Sell in May?

Sehr geehrte Anlegerinnen und Anleger,

Ist das Sprichwort „Sell in May and go away“ oder „Im Mai verkaufen und verschwinden“ wieder aktuell?
Die Auswirkungen der Zinserhöhungen auf die Realwirtschaft und die Perspektiven des Marktes sind reel.Diese Redensart ist historisch mehr mit den Gepflogenheiten der britischen Aristokratie verknüpft als mit der Finanztheorie, aber es war bisher recht relevant. In seiner integralen Fassung heisst es: „Im Mai verkaufen und weggehen, am Leger-Tag wiederkommen“, also von Mai bis Mitte September, eng mit dem gesellschaftlichen Leben großer Privatanleger verbunden.Von Cricket bei Lord’s bis Royal Ascot im Juni, über die Henley-Regatta Anfang Juli und die Moorhuhnjagden im August war das Programm so voll, dass die Geldbörsen leer blieben, um nach den St. Leger Stakes (… dieses Jahr am 16. September) zurückzukehren.
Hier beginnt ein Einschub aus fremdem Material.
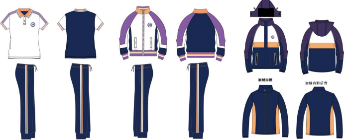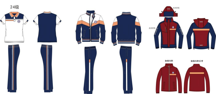 *.符合“一校一款”原则:与我校****级校服设计布局保持一致,通过色彩区分不同年级。

Der Monat Juli beginnt und es ist klar, dass sich die wichtigsten Aktien-Indizes derzeit gut behaupten. Doch die Gewinnwarnung-Saison im Juni begann früh und versprach, arbeitsreich zu werden, was der Tradition Recht geben könnte.
Das Ende der Corona-Zeit war in einem ziemlich logischen und gut durchdachten Schritt dadurch gekennzeichnet, dass Unternehmen ihre Lagerbestände an Rohstoffen und Vorräten bewusst aufblähten, um Engpässen entgegenzuwirken. Dies zeigte sich ganz deutlich in einer allgemeinen Inflation des Betriebskapitalbedarfs und der Lagerbestände der Unternehmen. Diese umsichtige Politik wendet sich nun vor dem Hintergrund des wirtschaftlichen Abschwungs, der mit dem Anstieg der Zinssätze einhergeht, gegen ihre Urheber.
Diese Vorräte sind somit zu Überschüssen geworden, die im Rahmen wirtschaftlicher Abschwächung nur langsam abgebaut werden können. Das belegen die jüngsten Warnungen guter Unternehmen wie Sartorius, Lanxess oder Interroll.
Dennoch hat das alte Sprichwort angesichts der Aktienindizes nicht ganz funktioniert. Die Gewinnsaison für das erste Halbjahr hat noch nicht begonnen. Die Volatilität brach Anfang Juni ein (der VIX lag Ende Juni bei 13,6, ein Niveau, das seit Anfang 2020 nicht mehr erreicht wurde) und die Performance der Flaggschiff-Indizes sind seit Jahresbeginn hervorragend, Nasdaq +31,7 % , S&P500 +15,9 %, Eurostoxx +14,8 %, SBF250 +15,5 %. Ein nahezu perfektes 1.Halbjahr.
Fast perfekt, nur weil es große Leistungsunterschiede verbirgt. Die zehn größten Technologie-Large-Caps im S&P500 (die seit Jahresbeginn einen durchschnittlichen Anstieg von 80 % verzeichneten) erklären 80 % der Performance des Index. Ohne diese Werte würde sich der Anstieg des Index auf wenige kleine Prozentpunkte reduzieren. Während die Situation in Europa weniger ausgeprägt ist, außer vielleicht in Frankreich, wo der Anstieg von fünf Large-Caps (insbesondere Aktien im Luxussektor) fast 60 % der Performance des SBF250 ausmacht, sorgen insgesamt die Large-Caps für die Show.
Small Caps hinken daher immer noch hinterher und werden immer noch stark von geldpolitischen Erwartungen und gemischten makroökonomischen Daten beeinflusst. Sie verzeichneten eine deutlich geringere Performance als die Large-Caps, die MSCI EMU Micro-Cap- und CAC-Small-Indizes legten Ende Juni um +3,4 % bzw. +2,6 % zu. Der Bewertungsabschlag hat sich seit Jahresbeginn immerhin auf fast 13 % erhöht!
Von da an ist es schwierig, die Zukunft vorherzusagen. Wir (Prévoir Asset Management) nehmen keine Allokation oder Market-Timing vor – wir sind Stockpicker.
Im Sinne des Sprichworts haben also die englischen Lords – oder die Anleger – bei den kleinen Werten ab Anfang des Jahres tatsächlich Cricket gespielt.
Wenn Sie also vor Halloween zurückkaufen müssen, und im Mai abreisen, müssen Sie, wenn Sie im Januar abreisen, im Juli zurückkaufen … wir sind also hier.